> EXERCISE INSTRUCTIONS
Retype exactly the span of lines below from the one with "意味不明あだ名 | 『永久保存ブンバ』『ヨモギ科ブンバ属』 |" through the one with "When the size". Do not include pictures.

> INFORMATION GIVEN
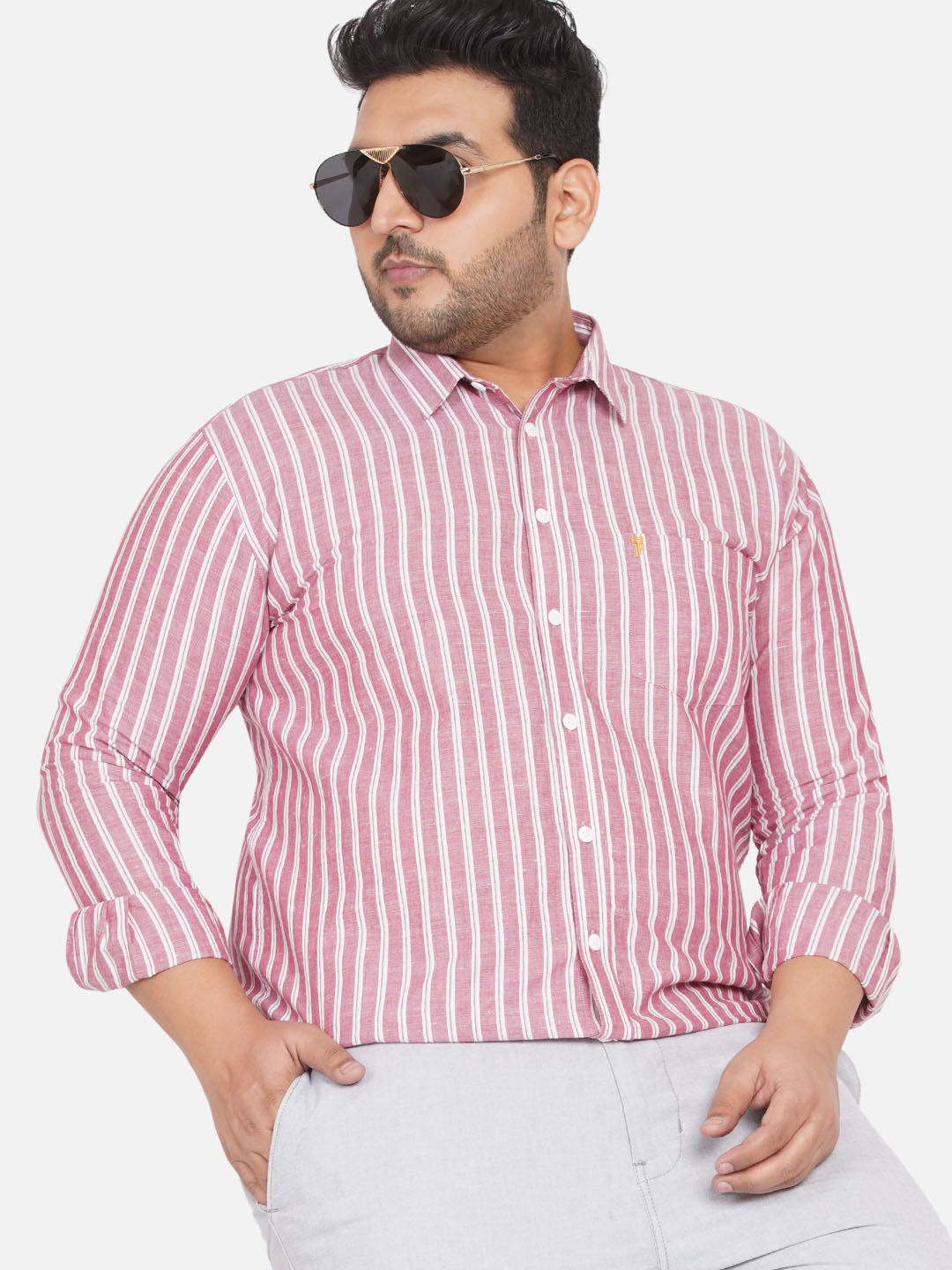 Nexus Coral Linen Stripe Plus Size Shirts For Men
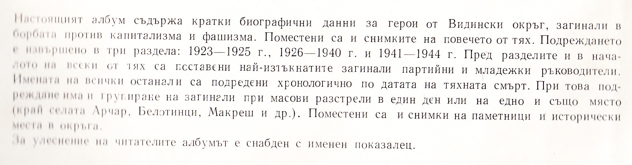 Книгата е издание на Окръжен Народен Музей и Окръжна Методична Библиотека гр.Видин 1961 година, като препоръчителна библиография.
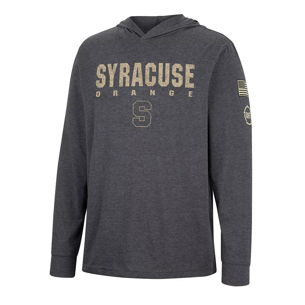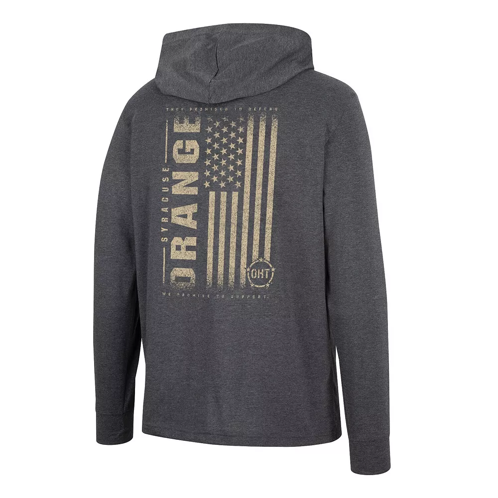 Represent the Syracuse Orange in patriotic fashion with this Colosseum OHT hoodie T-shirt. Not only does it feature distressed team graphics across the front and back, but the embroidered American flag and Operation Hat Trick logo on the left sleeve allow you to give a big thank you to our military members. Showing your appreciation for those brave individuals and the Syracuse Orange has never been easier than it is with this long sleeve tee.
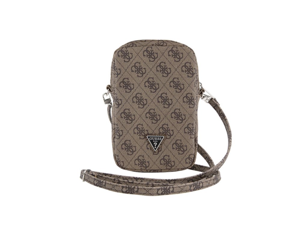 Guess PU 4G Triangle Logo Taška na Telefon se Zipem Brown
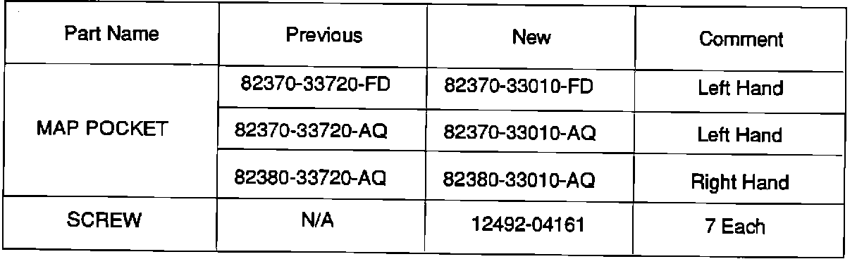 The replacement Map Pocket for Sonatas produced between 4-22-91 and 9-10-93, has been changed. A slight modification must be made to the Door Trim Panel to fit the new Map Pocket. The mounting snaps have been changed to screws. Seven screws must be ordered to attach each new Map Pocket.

...

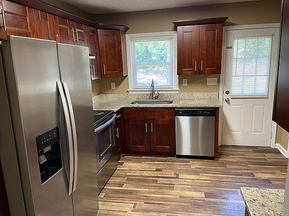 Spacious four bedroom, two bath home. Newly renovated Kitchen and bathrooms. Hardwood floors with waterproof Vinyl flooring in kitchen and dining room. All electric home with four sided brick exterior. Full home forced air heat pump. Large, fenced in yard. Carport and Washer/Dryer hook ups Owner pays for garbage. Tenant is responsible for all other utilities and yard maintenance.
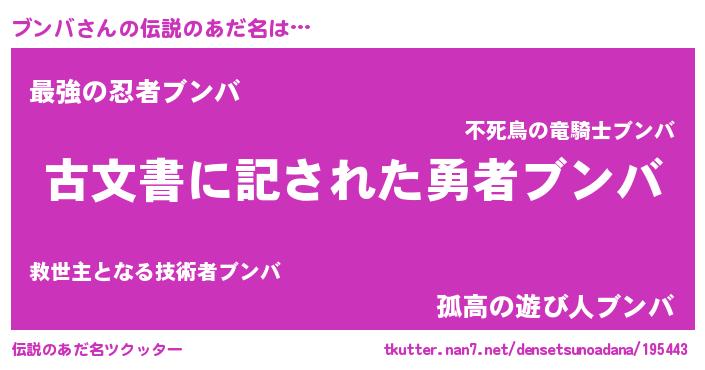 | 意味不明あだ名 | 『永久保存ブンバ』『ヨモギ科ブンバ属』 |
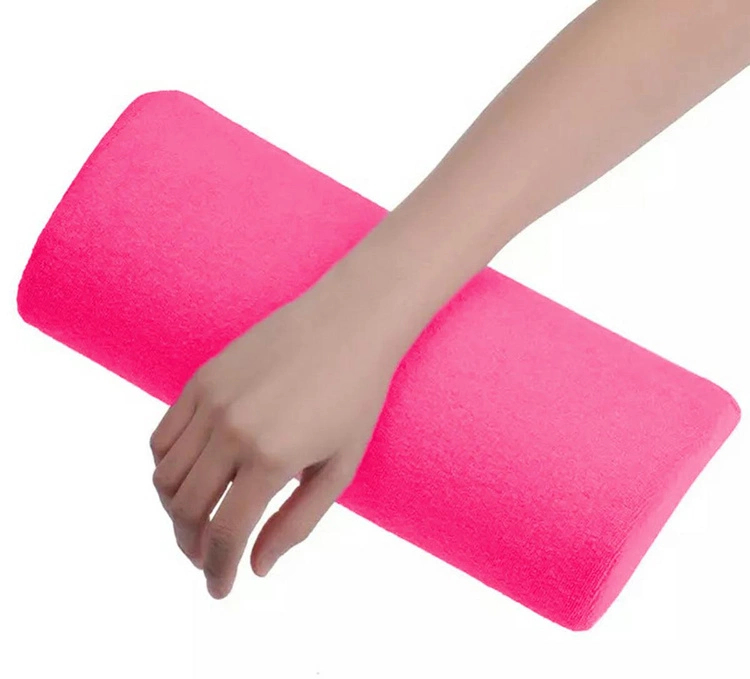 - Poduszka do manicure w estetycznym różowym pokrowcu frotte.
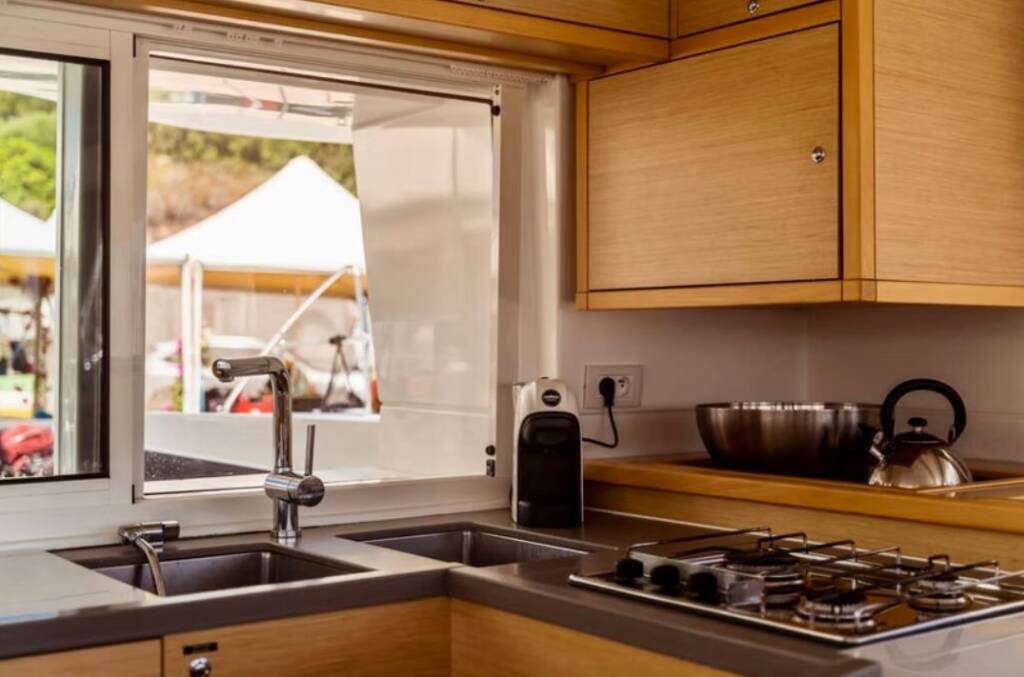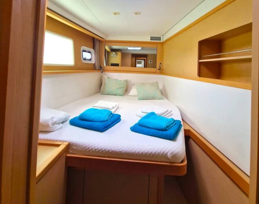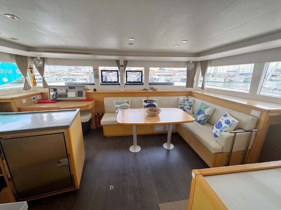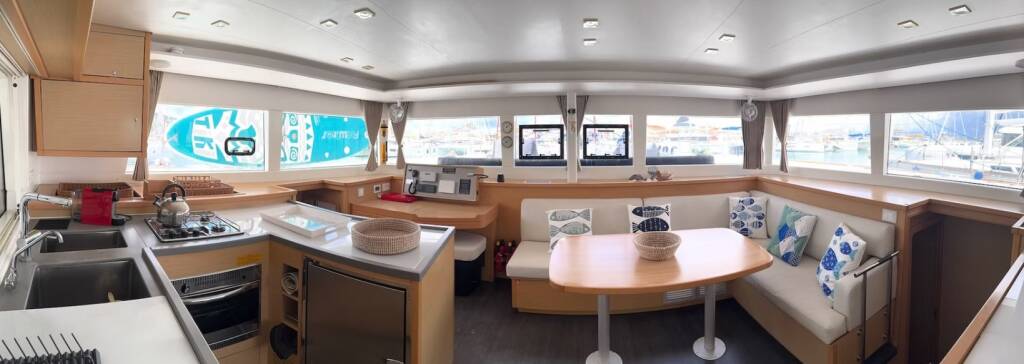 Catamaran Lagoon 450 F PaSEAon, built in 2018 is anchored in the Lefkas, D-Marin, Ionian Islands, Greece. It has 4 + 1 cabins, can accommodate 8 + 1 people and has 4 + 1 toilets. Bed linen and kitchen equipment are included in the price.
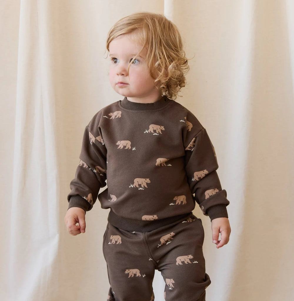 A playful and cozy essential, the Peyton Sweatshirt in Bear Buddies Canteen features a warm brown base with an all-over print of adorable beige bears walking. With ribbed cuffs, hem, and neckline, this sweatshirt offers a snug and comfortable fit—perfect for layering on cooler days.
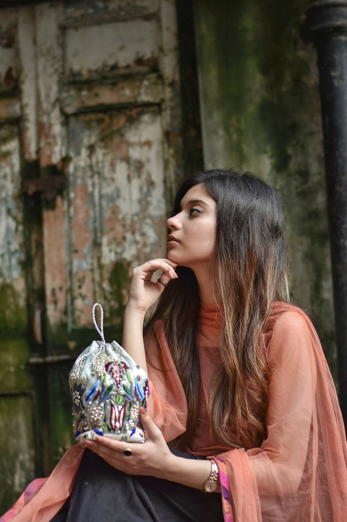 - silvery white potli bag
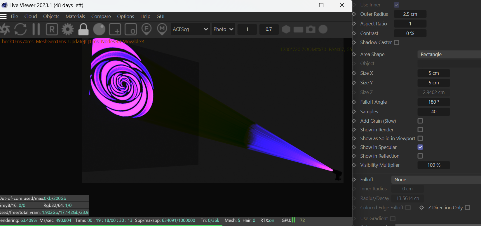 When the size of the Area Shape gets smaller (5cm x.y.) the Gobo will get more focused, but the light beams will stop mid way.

> OUTPUT OF THE EXERCISE
 | 意味不明あだ名 | 『永久保存ブンバ』『ヨモギ科ブンバ属』 |
 - Poduszka do manicure w estetycznym różowym pokrowcu frotte.
 Catamaran Lagoon 450 F PaSEAon, built in 2018 is anchored in the Lefkas, D-Marin, Ionian Islands, Greece. It has 4 + 1 cabins, can accommodate 8 + 1 people and has 4 + 1 toilets. Bed linen and kitchen equipment are included in the price.
 A playful and cozy essential, the Peyton Sweatshirt in Bear Buddies Canteen features a warm brown base with an all-over print of adorable beige bears walking. With ribbed cuffs, hem, and neckline, this sweatshirt offers a snug and comfortable fit—perfect for layering on cooler days.
 - silvery white potli bag
 When the size of the Area Shape gets smaller (5cm x.y.) the Gobo will get more focused, but the light beams will stop mid way.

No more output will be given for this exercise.